Task inputs Block Start

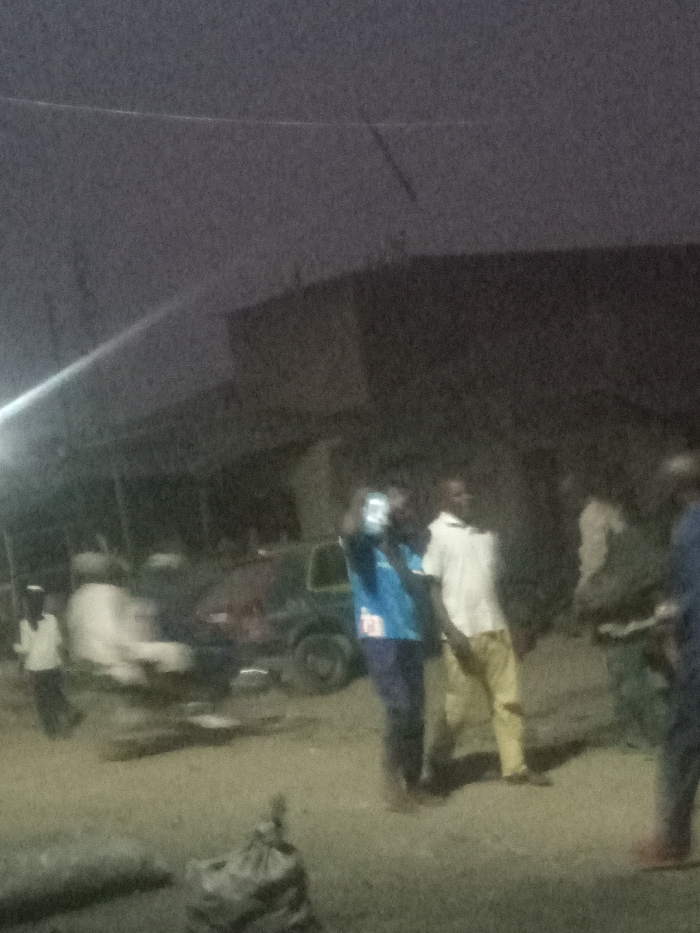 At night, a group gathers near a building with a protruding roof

Task inputs Block End
Task inputs Block Start

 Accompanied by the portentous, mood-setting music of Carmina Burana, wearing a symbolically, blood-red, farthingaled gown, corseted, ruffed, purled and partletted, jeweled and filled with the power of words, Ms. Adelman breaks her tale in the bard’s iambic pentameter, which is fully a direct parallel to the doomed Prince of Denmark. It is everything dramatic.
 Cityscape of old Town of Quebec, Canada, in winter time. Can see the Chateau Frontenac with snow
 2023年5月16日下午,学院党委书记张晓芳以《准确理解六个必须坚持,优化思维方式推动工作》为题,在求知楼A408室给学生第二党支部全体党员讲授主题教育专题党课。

Task inputs Block End
Task inputs Block Start

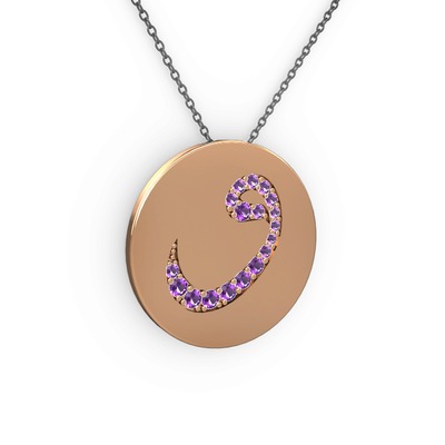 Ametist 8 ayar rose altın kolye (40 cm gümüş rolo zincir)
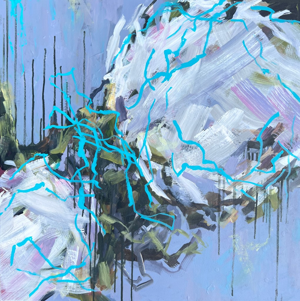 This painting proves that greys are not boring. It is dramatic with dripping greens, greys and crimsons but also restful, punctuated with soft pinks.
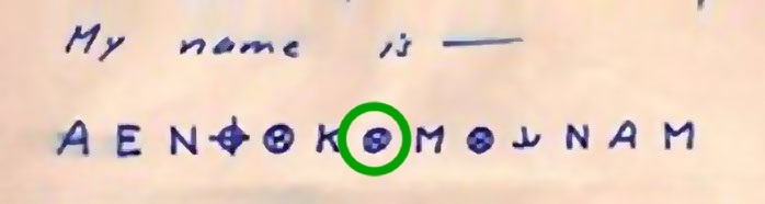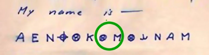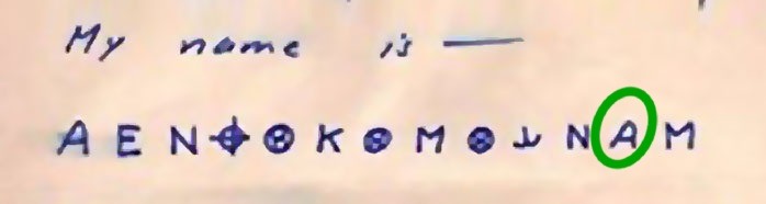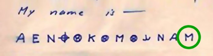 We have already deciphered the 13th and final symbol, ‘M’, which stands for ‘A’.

Task inputs Block End

Directions
Copy the entries above exactly, but only from the line holding "Accompanied by the" through the line holding "2023年5月16日下午,学", both included.

Response for this exercise
 Accompanied by the portentous, mood-setting music of Carmina Burana, wearing a symbolically, blood-red, farthingaled gown, corseted, ruffed, purled and partletted, jeweled and filled with the power of words, Ms. Adelman breaks her tale in the bard’s iambic pentameter, which is fully a direct parallel to the doomed Prince of Denmark. It is everything dramatic.
 Cityscape of old Town of Quebec, Canada, in winter time. Can see the Chateau Frontenac with snow
 2023年5月16日下午,学院党委书记张晓芳以《准确理解六个必须坚持,优化思维方式推动工作》为题,在求知楼A408室给学生第二党支部全体党员讲授主题教育专题党课。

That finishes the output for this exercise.